MATERIAL PROVIDED Start Marker

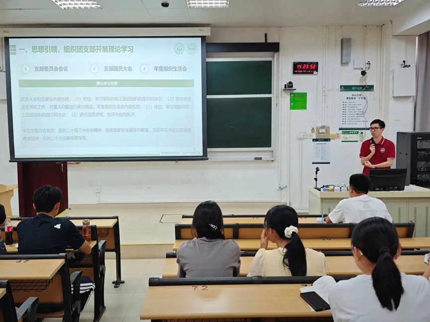 林老师围绕团支部建设工作展开讲解,重点为团支委们介绍了团支部建设的整体方向与规划。他希望大家在团支书的引领下,推进班级党务与团务建设,将更多优秀的入团及入党积极分子吸纳到学院团组织与党组织中。
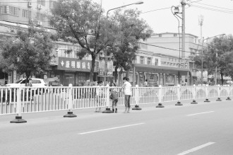 14日,记者在文化西路发现,每隔一段距离,护栏中间的柱子就被人为的撤掉两至三根,总有市民为了图省事,选择弯腰从护栏下钻过去,有的市民甚至带着孩子“抄近路”,来来往往的车辆很多,让人看了不禁为之捏了一把汗。 本报记者 贾晓雪 摄影报道
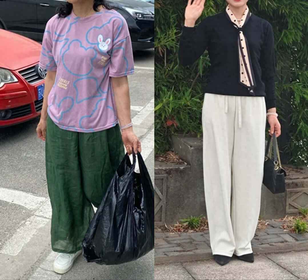 女人上了年纪,穿着要显活力精神,才能对抗岁月。宽松阔腿裤配软榻面料,腿部臃肿像面包,线条不流畅,走动时裤腿晃荡,看似舒适实则邋遢,违背优雅气质。
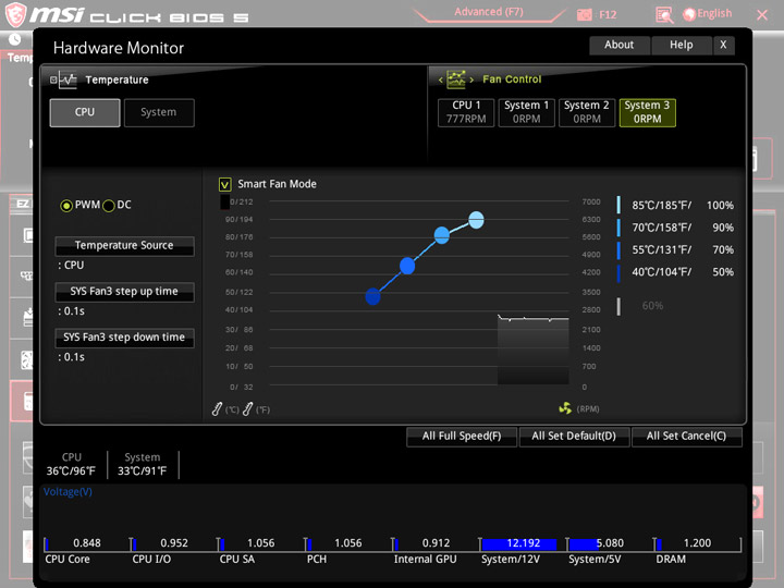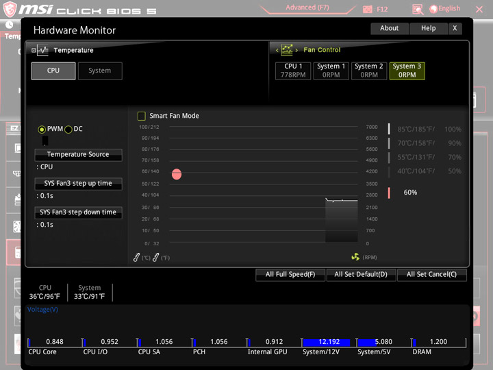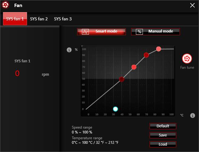 Для всех четырёх колодок под системные охладители доступен выбор способа замедления — изменение напряжения или скважности ШИМ. В роли опорных температур смогут выступить два значения — системы и процессора. Отсутствует, разве что, калибровка, но все проводимые тут операции имеют моментальный эффект, что позволит наладить схему работы без установки особого ПО в среде Windows.
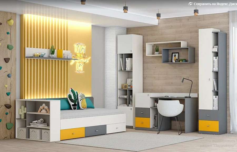 На сайте указана стоимость за комплектацию на фото: Кровать арт.010, Полка Пл-2, Тумба Т-2, Полка Пл-1, Пенал П-1, Пенал П-2, Стол Ст-1.

MATERIAL PROVIDED End Marker

Output exactly the lines above that lie between the line with "女人上了年纪,穿着要显活力精" and the line with "Для всех четырёх", those two lines included, and no pictures.

■ RESPONSE TO THIS EXERCISE ■
 女人上了年纪,穿着要显活力精神,才能对抗岁月。宽松阔腿裤配软榻面料,腿部臃肿像面包,线条不流畅,走动时裤腿晃荡,看似舒适实则邋遢,违背优雅气质。
 Для всех четырёх колодок под системные охладители доступен выбор способа замедления — изменение напряжения или скважности ШИМ. В роли опорных температур смогут выступить два значения — системы и процессора. Отсутствует, разве что, калибровка, но все проводимые тут операции имеют моментальный эффект, что позволит наладить схему работы без установки особого ПО в среде Windows.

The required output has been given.